The councillors are directly elected every six years on the second Sunday of October. The last elections were held on 11 June 2023. The law of 15 December 2017 further defines that if the parliamentary and communal elections coincide, the latter are held in June of that year.

==Referendums==
The referendum was introduced into the Constitution of Luxembourg by the constitutional amendment of 1919. The Constitution mentions the referendum in Article 51: "Voters will be asked to vote by way of referendum in the cases and under the conditions determined by law." The only details on the carrying out of referendums are found in Article 114, which deals with constitutional amendments. There are no other provisions regarding referendums in Luxembourg.

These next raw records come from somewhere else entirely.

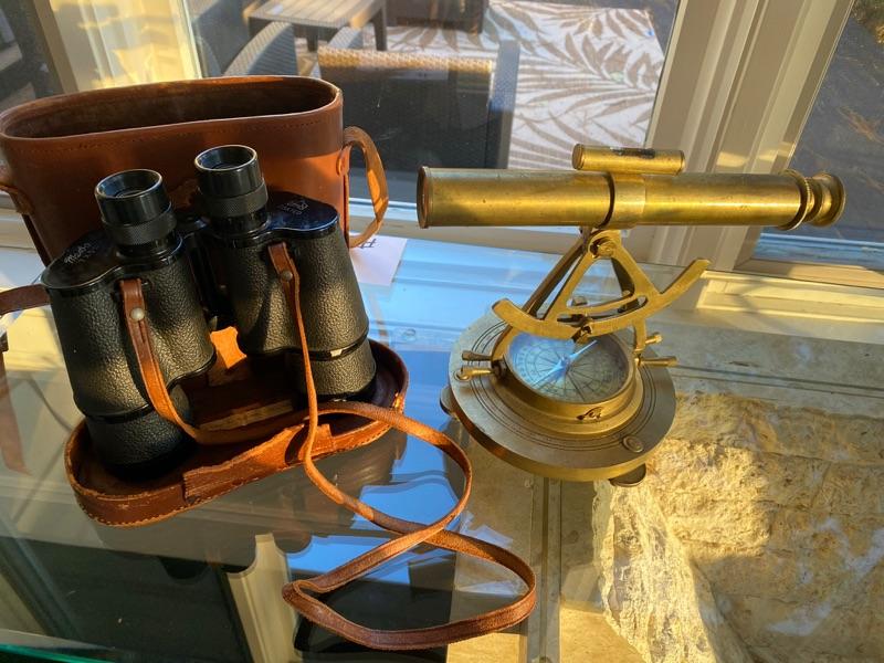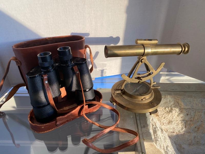 F - 609 Vintage Military Binoculars & Antique Brass Telescope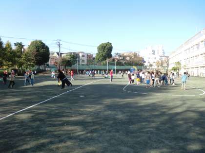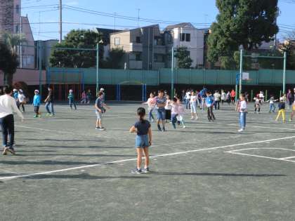前夜の雨が残り、屋上は使えませんでしたが、朝から天気も良く暖かい日差しの中、校庭や教室で1年生から6年生までの子どもたちが楽しく活動することができました。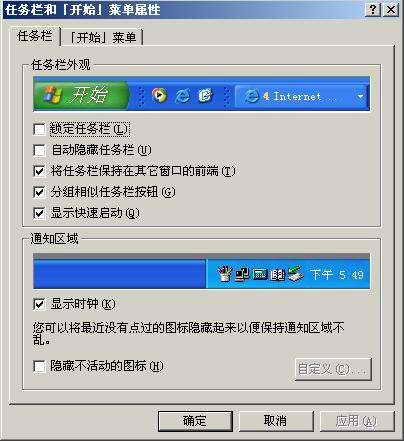 还有一些“任务栏和‘开始’菜单”属性设置本文就不再详细说明了,实践出真知,希望朋友们能自己亲手按上面的例子操作一番,自然会发现很多有趣、有意义的地方。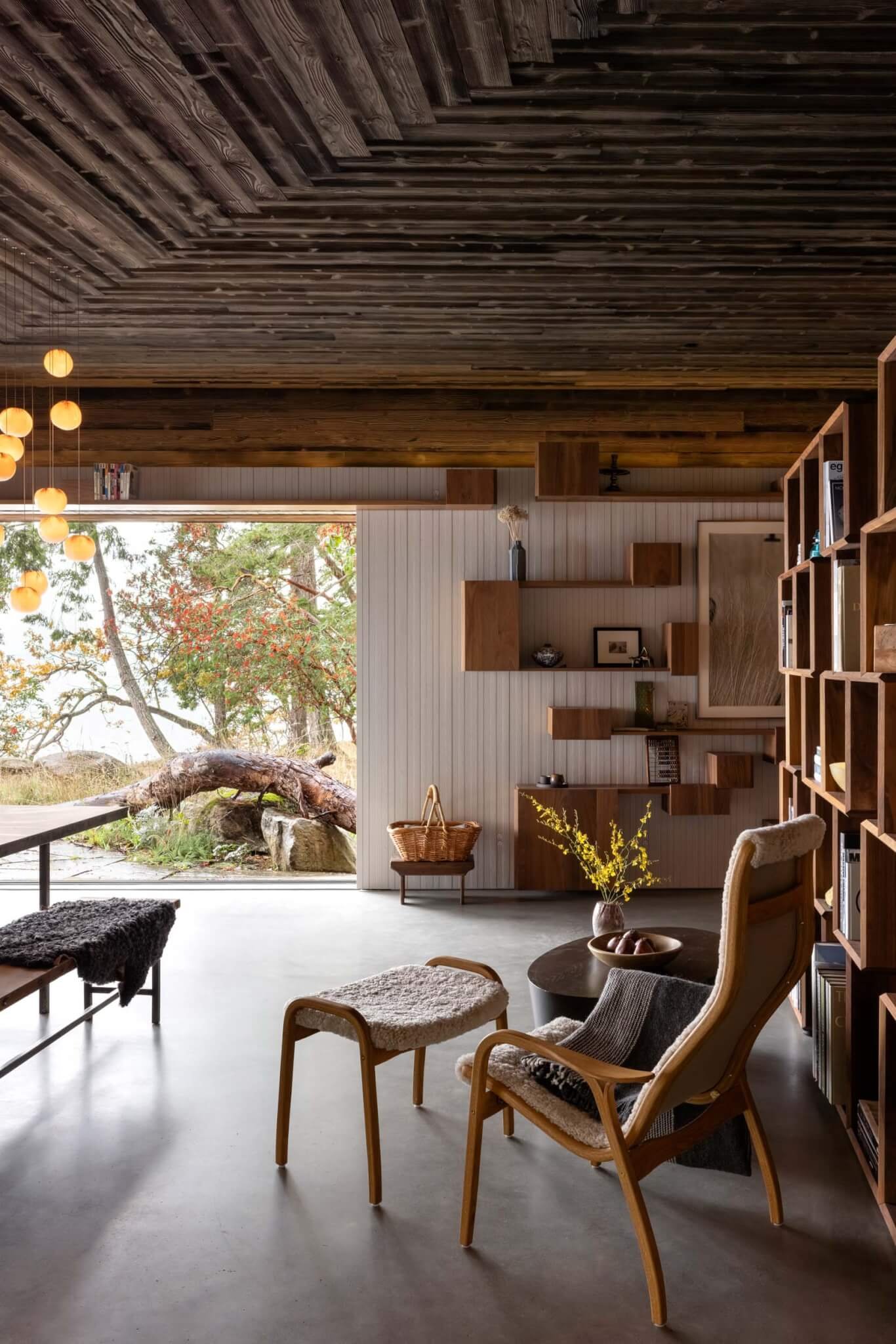 91.0 is a vacation home on Galiano Island clad in sandblasted cedar and lined with wood on its interior. (Ema Peter)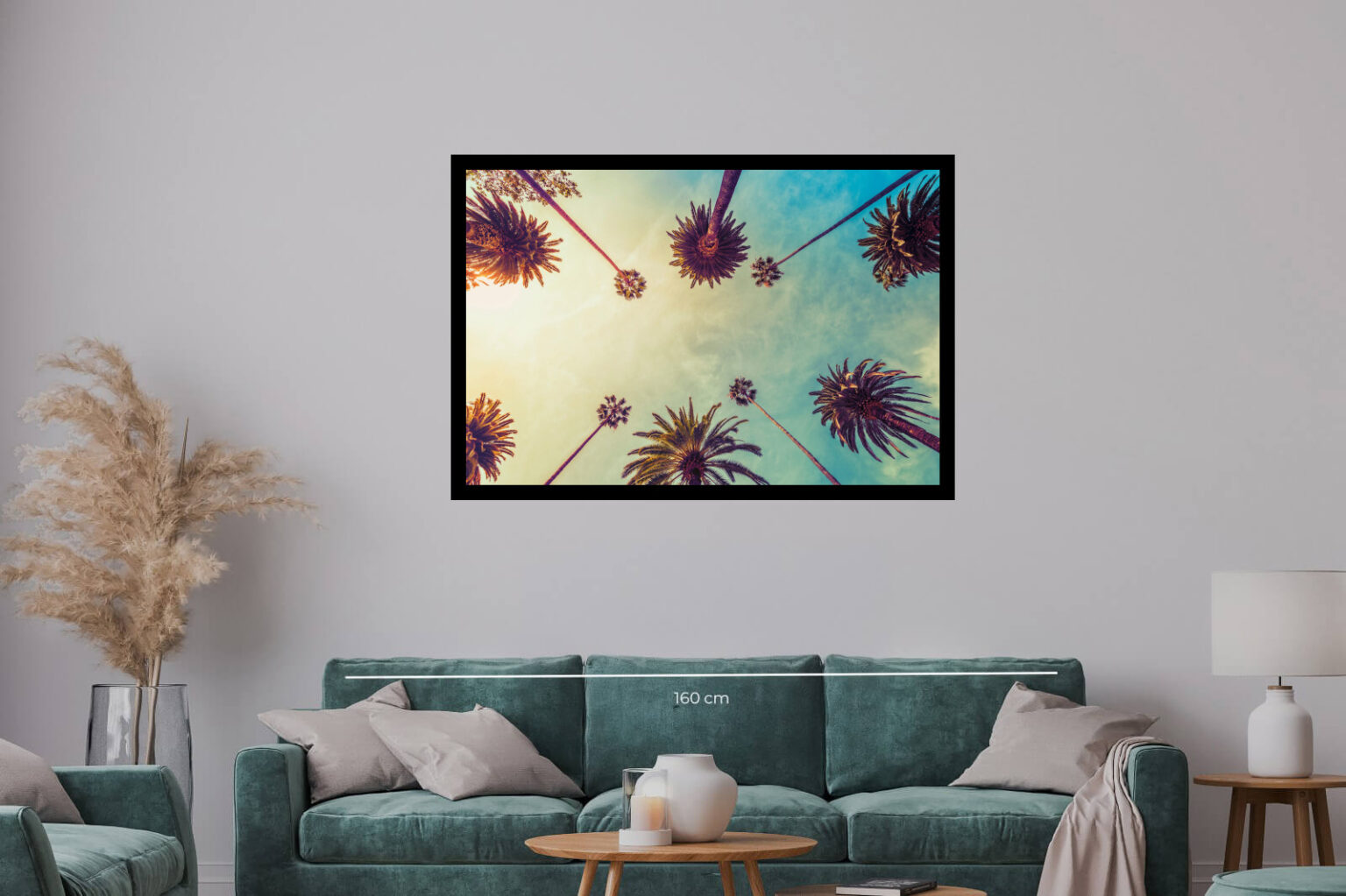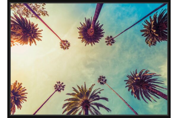 Фотография на палми, заснети от необичаен ъгъл отдолу, обгърнати от небето в жълти и тюркоазени оттенъци. Дърветата създават геометричен ритъм, а цветовете подчертават екзотичната атмосфера.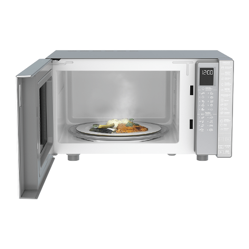 Microondas 1.1 p³ color Silver con Acabado Espejo con 25 funciones preprogramadas + funciones especializadas (mantener caliente y limpieza automática) control Electrónico touch, 7 niveles de potencia, Suavizar/Derretir. Cuenta con opciones de: Cocción automática, inicio rápido +30 segundos, reloj, display LCD, iluminación incandescente interior y plato giratorio. Además de su función de Limpieza Automática, cuenta con función de Mantener Caliente, Descongelar Manual Pizza, Bebidas, Arroz, Pescado, Descongelar Carne, Descongelar Pollo y Palomitas, Recubrimiento protector de polvo.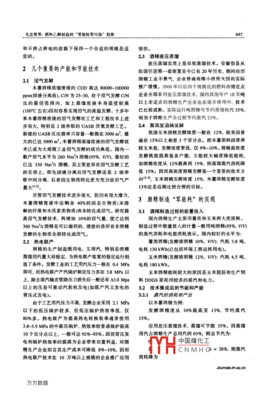 生物工程學(xué)報(bào)Chin J Biotech 2008, June 25: 24(6): 946-949journals. imaccnChinese Journal of Biotechnology IssN 1000-3061cjb e imaccn@2008 Institute of Microbiology, CAs& CSM, All rights reserved綜述燃料乙醇制造的“零能耗零污染”趨勢(shì)毛忠貴,張建華江南大學(xué)生物工程學(xué)院,無錫214122摘要:酒精蒸餾廢液有充足的非淀粉生物質(zhì)可供沼氣轉(zhuǎn)化,沼液營(yíng)養(yǎng)肀富可作酵母發(fā)酵工藝用水。通過酒精髙濃度發(fā)酵、沼氣高效轉(zhuǎn)化、沼氣熱電聯(lián)產(chǎn)、差壓蒸餾、環(huán)形過程工藝等產(chǎn)能、節(jié)能、無廢技術(shù)的研發(fā)和集成,將最終完成木薯原料燃料酒精制造向“零能耗、零污染”生產(chǎn)技術(shù)的轉(zhuǎn)型鍵詞:酒精發(fā)酵,木薯,沼氣發(fā)酵,零能耗,零污染Trend of"Zero Energy Consumption and Wastewater"in FuelEthanol productionZhonggui Mao, and Jianhua ZhangJiangnan University, College of Biotechnology, Wuxi 214122, ChinaAbstract: The energy consumption in a Chinese ethanol manufacturer with cassava as the feedstock, has been reduced to azero-closed level. If the r& d on technical integration of high ethanol concentration fermentation, methane fermentation technique,steam and electricity co-generation system, new distillation technology, and the wastewater reutilization, is camied out continuously,the proposed"zero energy consumption and wastewater"technique could be realized in fuel ethanol production process.Keywords: alcohol fermention, cassava, methane fermention, zero energy consumption, zero wastewater“非糧、無污染、低能耗”是我國(guó)燃料乙醇發(fā)1木薯原料展的先決條件,它既是一個(gè)重要的技術(shù)發(fā)展方向,也是下一輪燃料酒精產(chǎn)業(yè)順利發(fā)展必須建立的技術(shù)木薯是目前我國(guó)主要的非糧酒精發(fā)酵原料,也平臺(tái)。是世界上最大的能源作物之一。木薯是亞熱帶作物在“政產(chǎn)學(xué)”多方努力下,近年來我國(guó)酒精制進(jìn)我國(guó)自產(chǎn)約600多萬(wàn)噸。東南亞年產(chǎn)4000多萬(wàn)噸,是世界木薯主要產(chǎn)區(qū)之一,因需求拉動(dòng),近年來產(chǎn)技術(shù)已取得較大的進(jìn)展,特別是木薯酒精的實(shí)際制量增幅較大。2005年我國(guó)與東盟達(dá)成的186項(xiàng)“零造過程已接近“零能耗”??偨Y(jié)、提高、優(yōu)化并集成關(guān)稅”貿(mào)易協(xié)定中就有一項(xiàng)是木薯,一定規(guī)模的來先進(jìn)制造工藝和過程技術(shù),集中力量合作攻克幾個(gè)源是有保障的。技術(shù)關(guān)鍵,在國(guó)際上率先形成“無污染、零能耗”以木薯為原料生產(chǎn)酒精在我國(guó)已有幾十年歷史,的非糧生物質(zhì)能源制造產(chǎn)業(yè)化樣板,對(duì)推動(dòng)我國(guó)生目前10n多萬(wàn)咖枯術(shù)相對(duì)成熟,成本物質(zhì)能源產(chǎn)業(yè)健康發(fā)展有重要意義。也較YHE中國(guó)煤化工不消耗國(guó)內(nèi)糧食CNMHGReceIved: January 4, 2008: Accepted: March 12, 2008CorrespondingauthorZhongguiMaoE-mail:maozg@vip.163.com忠貴等:燃料乙醇制造的“零能耗零污染”趨勢(shì)947和不擠占耕地的前提下保持一個(gè)合適的規(guī)模是適很快。宜的。23酒精差壓蒸餾差壓蒸餾實(shí)質(zhì)上是雙效蒸餾技術(shù)。安徽宿縣從2幾個(gè)重要的產(chǎn)能和節(jié)能技術(shù)法國(guó)引進(jìn)第一套裝置至今已有20年歷史,期間經(jīng)歷21沼氣發(fā)酵酒精工業(yè)不景氣,企業(yè)普遍規(guī)模小投資大因而實(shí)際木薯酒精蒸餾廢液的COD高達(dá)80001000推廣緩慢。2000年以后四個(gè)規(guī)模化的燃料酒精定點(diǎn)ppm固液分離前),CN為25-30,處于沼氣發(fā)酵CN企業(yè)全部采用差壓蒸餾技術(shù),國(guó)內(nèi)其他年產(chǎn)10萬(wàn)噸比的最佳范圍內(nèi),加上蒸餾廢液本身溫度較高以上非定點(diǎn)的酒精生產(chǎn)企業(yè)也在逐步使用中,技術(shù)(100C左右因而容易實(shí)現(xiàn)沼氣的高溫發(fā)酵。十多年已比較成熟。實(shí)際運(yùn)行噸酒精可節(jié)約蒸餾耗汽35%,來木薯酒精廢液的沼氣發(fā)酵在工藝和工程技術(shù)上進(jìn)相當(dāng)于酒精生產(chǎn)全過程節(jié)約蒸汽23%。步很大,特別是2級(jí)串聯(lián)的UASB厭氧發(fā)酵工藝。2.4高濃度酒精發(fā)酵新建的UASB反應(yīng)器單只容量一般都在3000m3,最我國(guó)玉米酒精發(fā)酵濃度一般在12%,較美國(guó)普大的已達(dá)500m3。木薯酒精蒸餾廢液的沼氣發(fā)酵技遍在15%以上相差3個(gè)百分點(diǎn)。而木薯原料因營(yíng)養(yǎng)術(shù)已成為大規(guī)模工業(yè)沼氣發(fā)酵的成功典范。國(guó)內(nèi)一較玉米差,發(fā)酵濃度更低,僅9%-10%。酒精高濃度般產(chǎn)沼氣水平為260Nm3酒精(∞5%,W,最好的發(fā)酵既能提高裝備產(chǎn)能,又能較大幅度降低能耗,已達(dá)330Nm/t酒精,其主要差異在沼氣發(fā)酵工藝如酒精濃度從12%提高到15%,則蒸餾蒸汽消耗降的安排上,即先固液分離后沼氣發(fā)酵還是2級(jí)串低15%。因而高濃度酒精發(fā)酵是一個(gè)重要的技術(shù)方聯(lián)中間分離,后者因生物質(zhì)轉(zhuǎn)化更為充分故沼氣產(chǎn)向”,玉米酒精發(fā)酵濃度15%,木薯酒精發(fā)酵濃度量大1213%應(yīng)是近期比較合理的目標(biāo)。盡管沼氣發(fā)酵技術(shù)進(jìn)步很大,但仍有很大潛力木薯酒精廢液中還剩余40%的固態(tài)生物質(zhì)(未溶3酒精制造“零能耗”的實(shí)現(xiàn)解的纖維和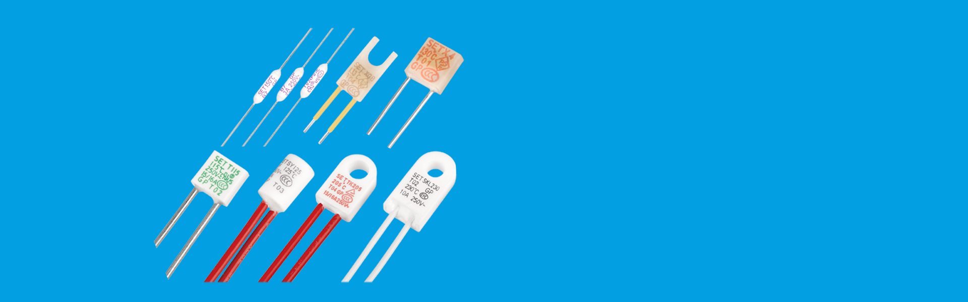 额定工作电流 Ir : (1 ~ 200) A / 额定工作电压 Ur : (125 ~ 800) VAC / 额定动作温度 Tf : (76 ~ 230)°C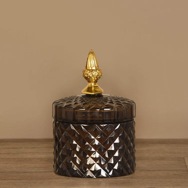 تخيل هذا الصندوق الزجاجي الأنيق في غرفة الضيوف أو الصالة لحفظ الحلي والأشياء الصغيرة. يتميز هذا الصندوق الدائري بتصميمه الزجاجي الجميل الذي يعكس الضوء، وغطائه بمقبض ذهبي أنيق لسهولة الوصول إلى محتوياته.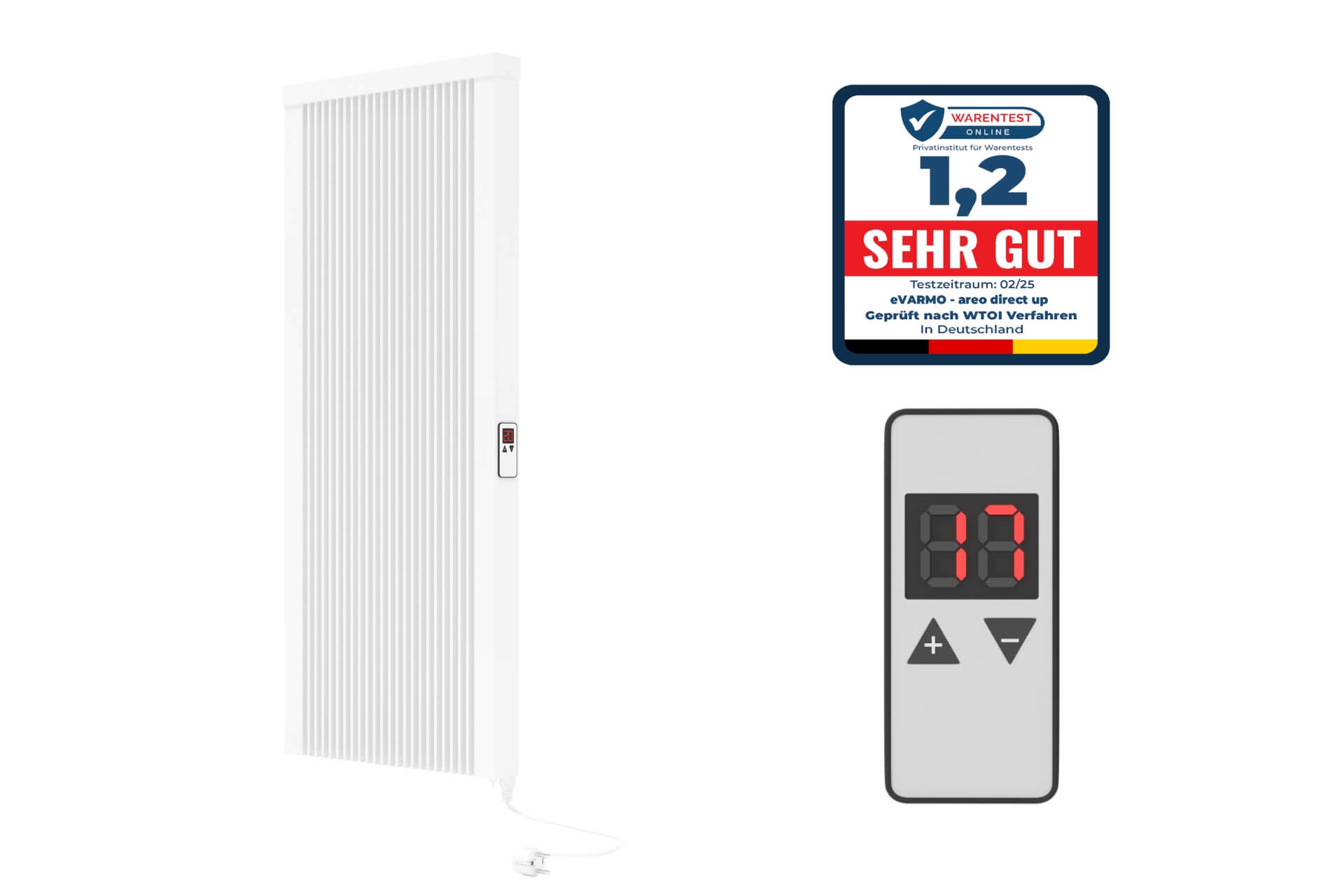Die hohe Flächenspeicherheizung areo direct up erhielt im Februar 2025 eine ausgezeichnete Bewertung von Warentest online, einem unabhängigen Privatinstitut für Produkttests. Mit der Top-Note 1,2 überzeugt das Produkt durch Qualität, Benutzerfreundlichkeit und Design.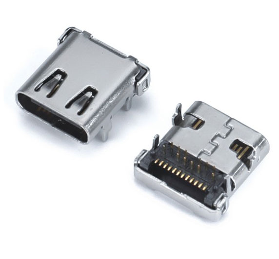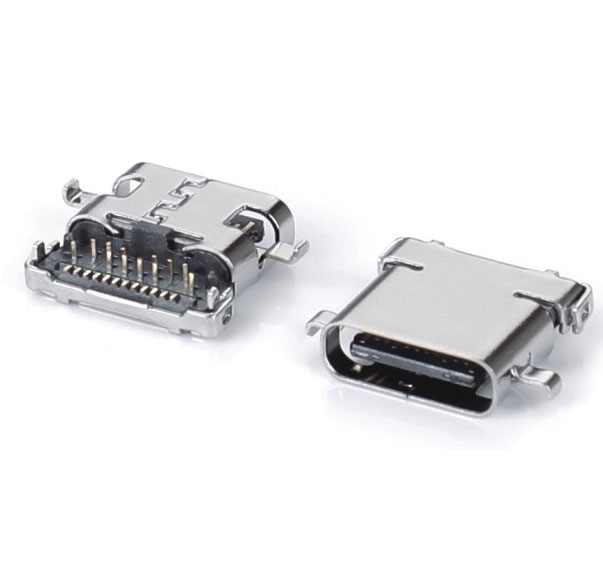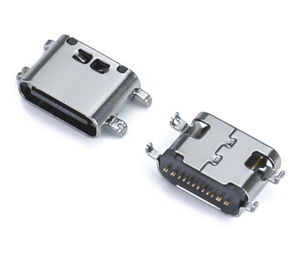 USB TYPE-CF 16P 双压片 卧贴SMT 外壳四脚插板 L=7.35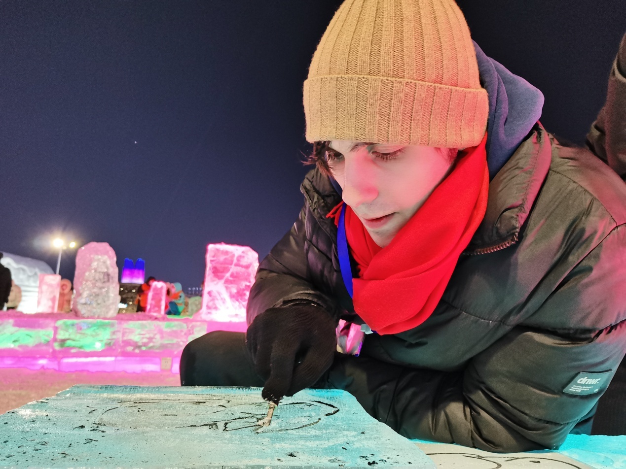 傍晚,中外青少年在流光溢彩、美輪美奐的哈爾濱冰雪大世界中感知冰雪藝術(shù)的魅力。在冰雪藝術(shù)體驗營聆聽冰雕制作過程,學(xué)習(xí)將冰與中國傳統(tǒng)木刻版畫相結(jié)合,親手設(shè)計制作屬于自己獨一無二的冰版畫,體驗冰雪帶來的樂趣。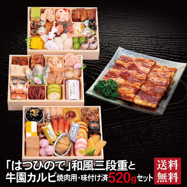 おせち 2026 牛園カルビセット 「はつひので」冷蔵 長方形 三段重 全46品 4人前 5人前「牛園カルビ」 焼肉用 味付け済 送料無料 千賀屋

A constitutional amendment must first be passed by a two-thirds absolute super-majority of the Parliament, and then:
- either passed again after at least three months under the same terms, or
- passed on the referendum, if a referendum is requested in first two months of the three-month period by either:
  - either one quarter of members of the Parliament, or
  - 25,000 registered voters.

Referendum on constitutional amendments (defined in Article 114) are binding. Referendums in general (defined in Article 51) are not explicitly stated as be binding.

The general framework of the organisational arrangements of referendums is established by the Law of 4 February 2005 on national referendums.

There have been four referendums in Luxembourg since 1919:
- the referendum on head of state and economic union in 1919
- the referendum on banning the Communist party in 1937
- the European Constitution referendum in 2005
- the Luxembourg constitutional referendum in 2015
None of the referendums were constitutional amendments, so were non-binding.